What to do: Transcribe the whole listing without a single picture.

Data extract:
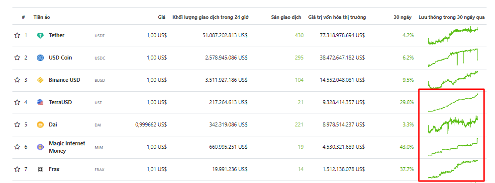 Trong thời gian qua, nhiều stablecoin cũng sự tăng trưởng nhanh như MIM, FRAX, UST... vốn hóa tăng nhanh lên vài tỉ USD. Điểm chung của các stablecoin này là điều có các chương trình Incentives thu hút các nhà đầu tư. Do đó, sự tăng trưởng của stablecoin cho thấy stablecoin đang là 1 nguồn yield tốt trong thị trường ảm đạm như hiện nay.
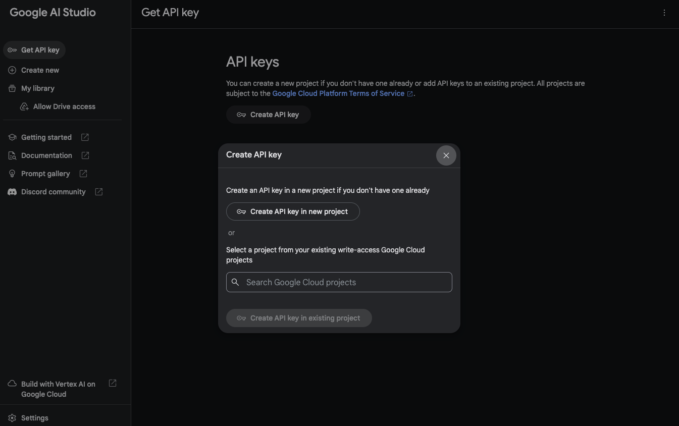 가운데 프롬프트 창에 뜬 Create API Key 클릭하고 새로운 프로젝트가 없다면 'Create API Key in new project' 아니면 구글 클라우드에서 프로젝트를 가지고 올 수도 있다.
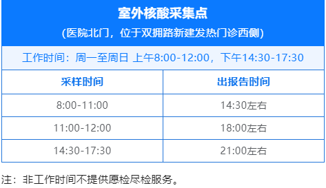 注意:院外核酸检测点采样时间为早上7:30到晚上19:00点。
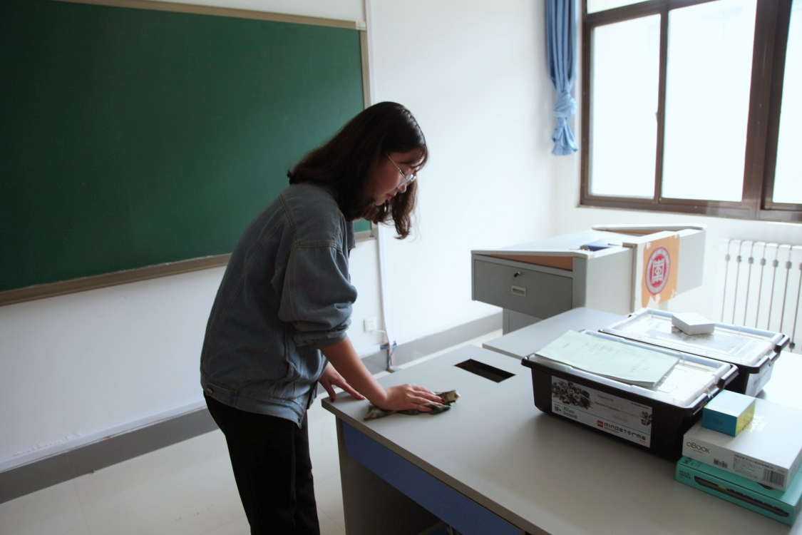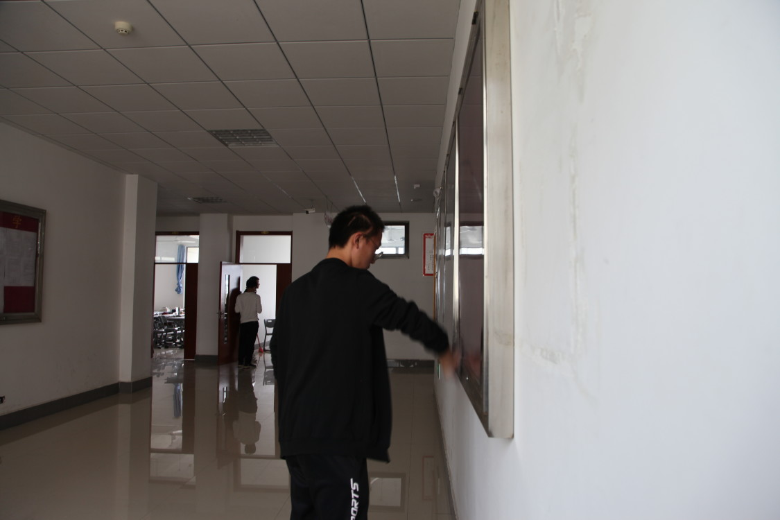 会后,全体党员及入党积极分子深入到公司的各个区域,开展了公司文化建设、环境布置、浮尘清理等工作。共分为了三个小组,分别负责教学区、实验区、会议室。全体党员和入党积极分子行动起来,将“不忘初心、牢记使命”主题教育理论学习知识落实到实际工作中,迎接教学评估工作专家莅临指导。

Exercise solution:
 Trong thời gian qua, nhiều stablecoin cũng sự tăng trưởng nhanh như MIM, FRAX, UST... vốn hóa tăng nhanh lên vài tỉ USD. Điểm chung của các stablecoin này là điều có các chương trình Incentives thu hút các nhà đầu tư. Do đó, sự tăng trưởng của stablecoin cho thấy stablecoin đang là 1 nguồn yield tốt trong thị trường ảm đạm như hiện nay.
 가운데 프롬프트 창에 뜬 Create API Key 클릭하고 새로운 프로젝트가 없다면 'Create API Key in new project' 아니면 구글 클라우드에서 프로젝트를 가지고 올 수도 있다.
 注意:院外核酸检测点采样时间为早上7:30到晚上19:00点。
 会后,全体党员及入党积极分子深入到公司的各个区域,开展了公司文化建设、环境布置、浮尘清理等工作。共分为了三个小组,分别负责教学区、实验区、会议室。全体党员和入党积极分子行动起来,将“不忘初心、牢记使命”主题教育理论学习知识落实到实际工作中,迎接教学评估工作专家莅临指导。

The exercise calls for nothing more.